🤖 AI Summary
Large vision-language models struggle to comprehend abstract relational structures in diagrams, such as the directionality of edges. To investigate this limitation, this work constructs a synthetic directed graph dataset and employs linear probing alongside cross-modal representation analysis to systematically examine how node and edge information is encoded within the model. The study reveals, for the first time, that node representations become linearly separable already at the output of the visual encoder, whereas edge directionality only becomes linearly separable in the textual token representations produced by the language model. This finding indicates that the bottleneck in relational understanding stems from a delayed emergence of edge representations, highlighting a functional division of labor between the visual and linguistic modules in modeling structured relationships.
📝 Abstract
Large vision-language models (LVLMs) demonstrate strong performance on diagram understanding benchmarks, yet they still struggle with understanding relationships between elements, particularly those represented by nodes and directed edges (e.g., arrows and lines). To investigate the underlying causes of this limitation, we probe the internal representation of LVLMs using a carefully constructed synthetic diagram dataset based on directed graphs. Our probing experiments reveal that edge information is not linearly separable in the vision encoder and becomes linearly encoded only in the text tokens in the language model.
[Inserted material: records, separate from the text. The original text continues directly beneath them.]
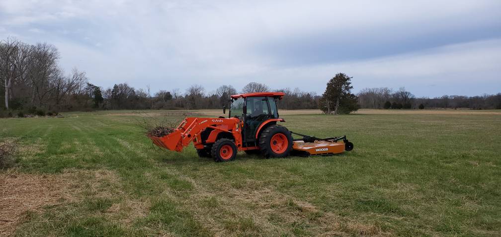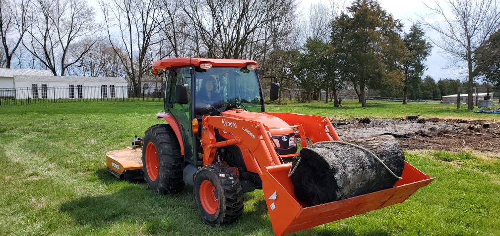 I dropped the loader and plane, put the deck on and mowed the grass today. The attachments are so easy to take off and put on, it’s amazing. And no, I’m not stuck between trees! LOL But you can see the ugly patches that are just starting to green in. The tractor is so maneuverable that it took the same basic time as my Kubota zero turn, and the cut was terrific.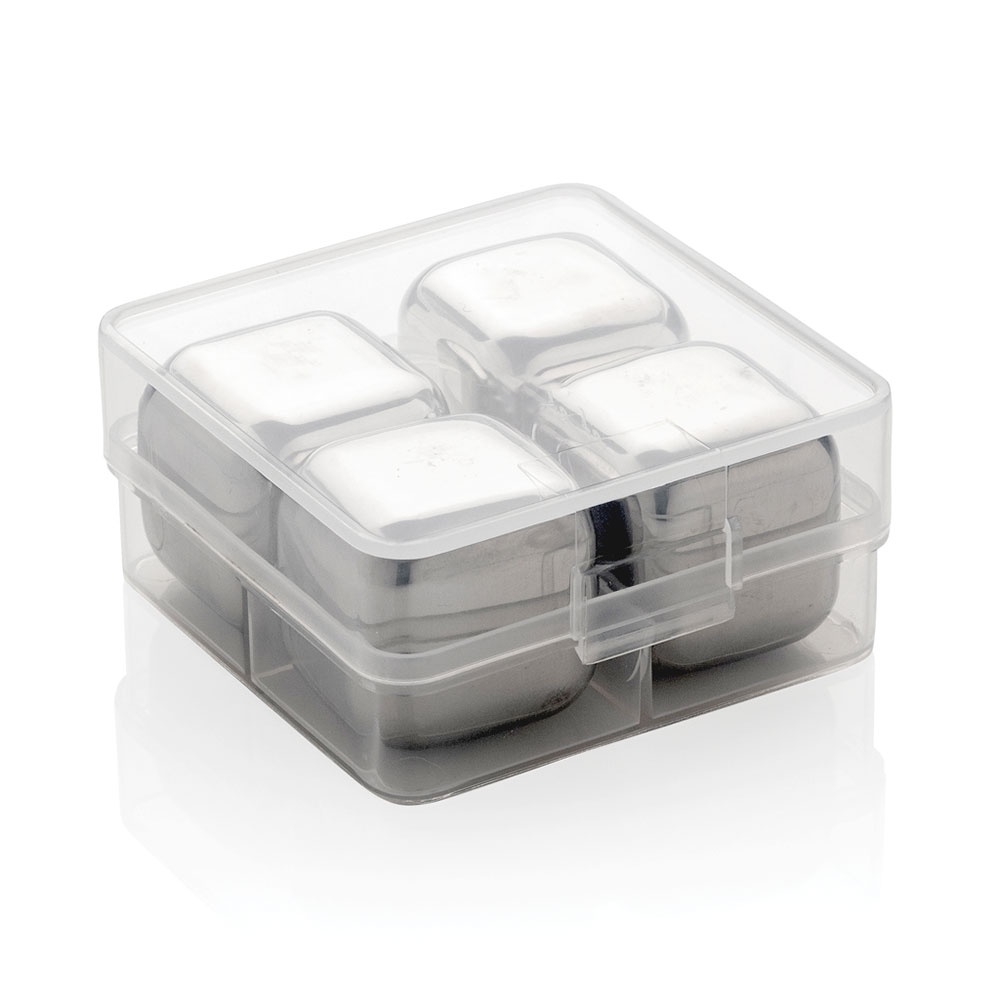 Kit Estojo com 4 Cubos de Gelo em Aço Inox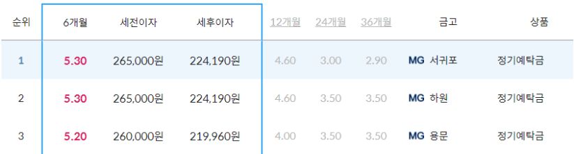 6개월 기준으로는 하원, 서귀포점이 5.3%로 가장 높은 금리를 제공하고 있고, 용문, 남대전 지점이 5.1~5.2%의 금리를 제공하고 있습니다.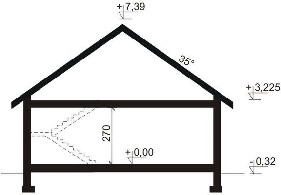 Fundamenty: bezpośrednie, na ławach i stopach fundamentowych. Ściany zewnętrzne: bloczki z bet. komórkowego - 24 cm + styropian TERMO ORGANIKA typ Fasada 20 cm. Ściany wewnętrzne: bloczki z bet. komórkowego - 24 cm (działowe - 12 cm). Strop: gęstożebrowy Teriva E oraz żelbetowy monolityczny gr. 24 cm. Elewacje: tynk - System firmy TERMO ORGANIKA, płytki klinkierowe. Pokrycie dachu: dachówka cementowa lub blachodachówka. Konstrukcja dachu: drewniana o układzie konstrukcyjnym płatwiowo-krokwiowym. Schody wewnętrzne: wyłaz na poddasze. Ogrzewanie: kocioł gazowy kondensacyjny, dodatkowe źródło ciepła - kominek z płaszczem wodnym. Projekt jest zgodny z wymaganiami WT2021, a konstrukcja była obliczana zgodnie z eurokodami.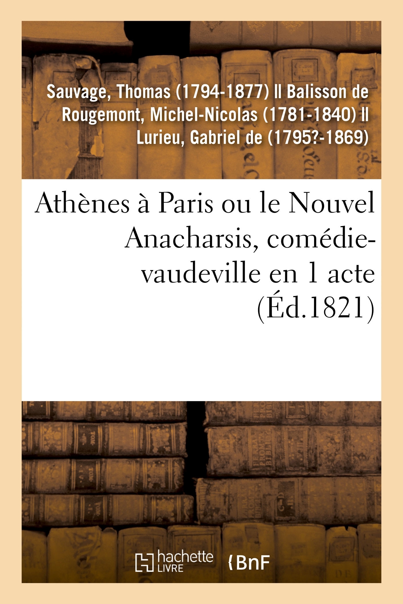 Athènes à Paris, ou le Nouvel Anacharsis, comédie-vaudeville en 1 acte, par MM. de Rougemont, Gabriel et Sauvage... [Paris, Variétés, 1er décembre 1821.] Date de l'édition originale : 1821 Le présent ouvrage s'inscrit dans une politique de conservation patrimoniale des ouvrages de la littérature Française mise en place avec la BNF. HACHETTE LIVRE et la BNF proposent ainsi un catalogue de titres indisponibles, la BNF ayant numérisé ces oeuvres et HACHETTE LIVRE les imprimant à la demande. Certains de ces ouvrages reflètent des courants de pensée caractéristiques de leur époque, mais qui seraient aujourd'hui jugés condamnables. Ils n'en appartiennent pas moins à l'histoire des idées en France et sont susceptibles de présenter un intérêt scientifique ou historique. Le sens de notre démarche éditoriale consiste ainsi à permettre l'accès à ces oeuvres sans pour autant que nous en cautionnions en aucune façon le contenu. Pour plus d'informations, rendez-vous sur www.hachettebnf.fr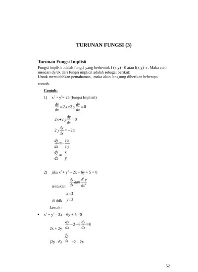 33+ Contoh Soal Turunan Fungsi Eksplisit. Turunan kedua ruas pertamaan sehingga kita peroleh sebagai berikut. Turunan pertama dari fungsi implisit (x + 2y)^8 adalah… Contoh soal tentang turunan fungsi implisit : Jelajahi koleksi gambar, foto, dan wallpaper kami yang sangat luar biasa. Apakah anda mencari gambar tentang contoh soal turunan implisit? Contoh soal turunan fungsi eksplisit. Contoh soal turunan pertama beserta jawabannya / langsung saja ke contoh soal sebagai berikut:. Terhadap x dan persamaan yang diperoleh agar dipecahkan untuk y‟. Selesaikan diferensiasi fungsi implisit berikut kedalam turunan pertama . Cukup sekian penjelasan mengenai turunan fungsi implisit beserta contoh soal dan .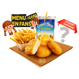 4 Nuggets ou 4 mozza sticks + Frites + Sauce (ketchup /mayonnaise) + 1 kinder surprise + 1 Capri sun.
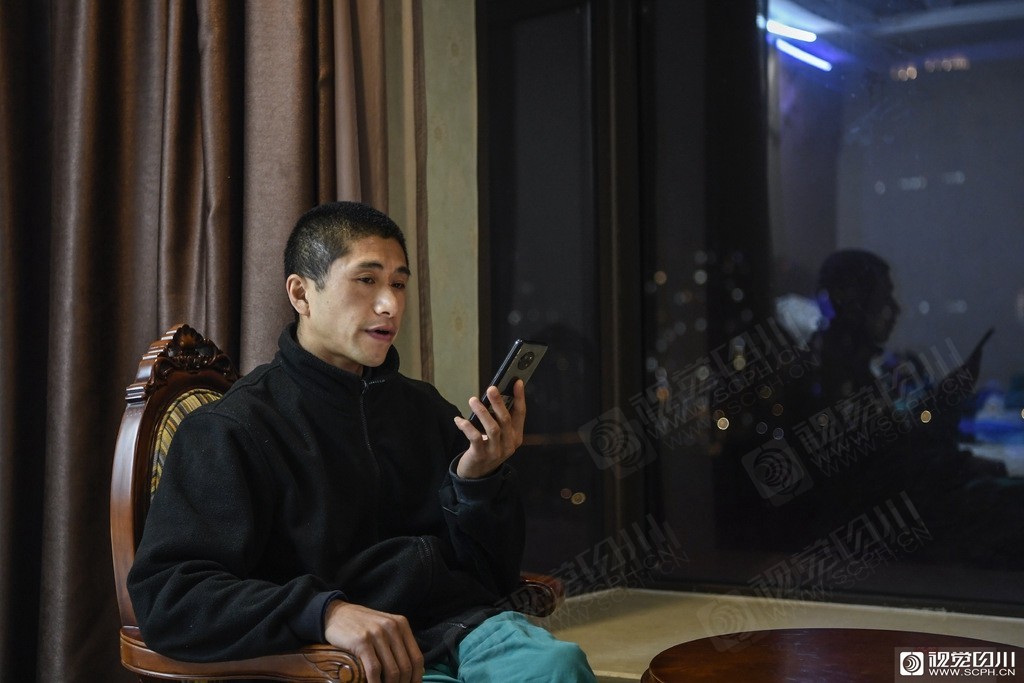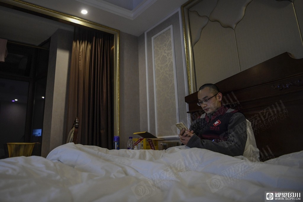 四川第四批援助湖北医疗队队员廖俊先在房间里玩手机打发时间。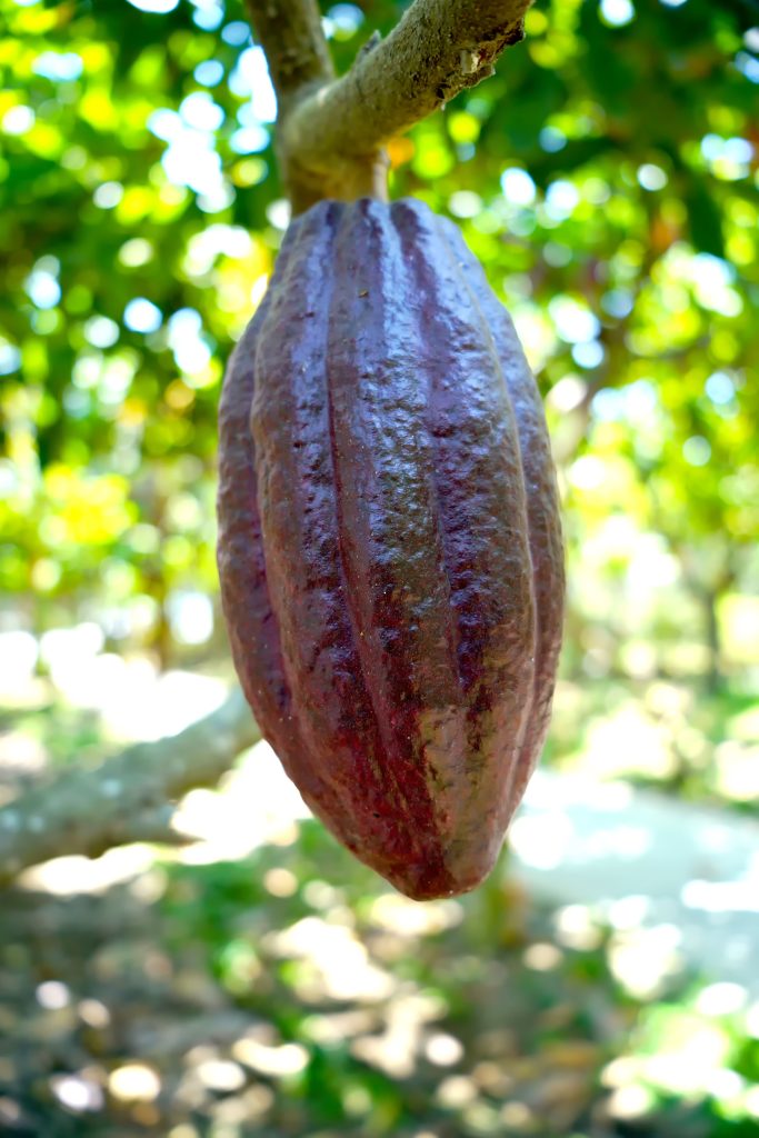 una ilustración de una vaina de cacao, con curvas marcadas y una silueta que parecía bailar en la página.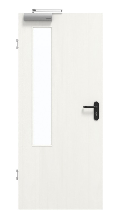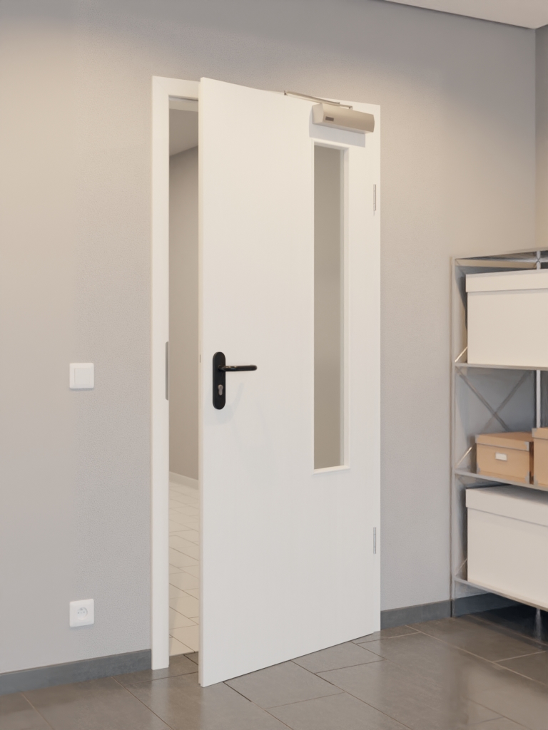Wyposażona w warstwę wierzchnią HDF na płycie wiórowej pełnej w ramie z litego drewna wraz ze stabilizatorem, konstrukcja ta okazuje się być zaawansowana technicznie. W połączeniu z samozamykaczem drzwiowym górnym i opuszczaną uszczelką podłogową drzwi spełniają wymagania normy DIN 18095 dotyczącej drzwi dymoszczelnych.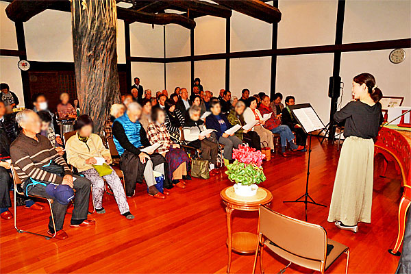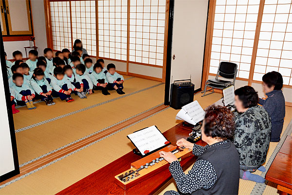 今市幼稚園の年長児の園児達による歌を聞いてもらい、その他会員の皆様による大正琴の演奏や詩吟、

In contrast, node information and global structural features are already linearly encoded in individual hidden states of the vision encoder. These findings suggest that the stage at which linearly separable representations are formed varies depending on the type of visual information. In particular, the delayed emergence of edge representations may help explain why LVLMs struggle with relational understanding, such as interpreting edge directions, which require more abstract, compositionally integrated processes.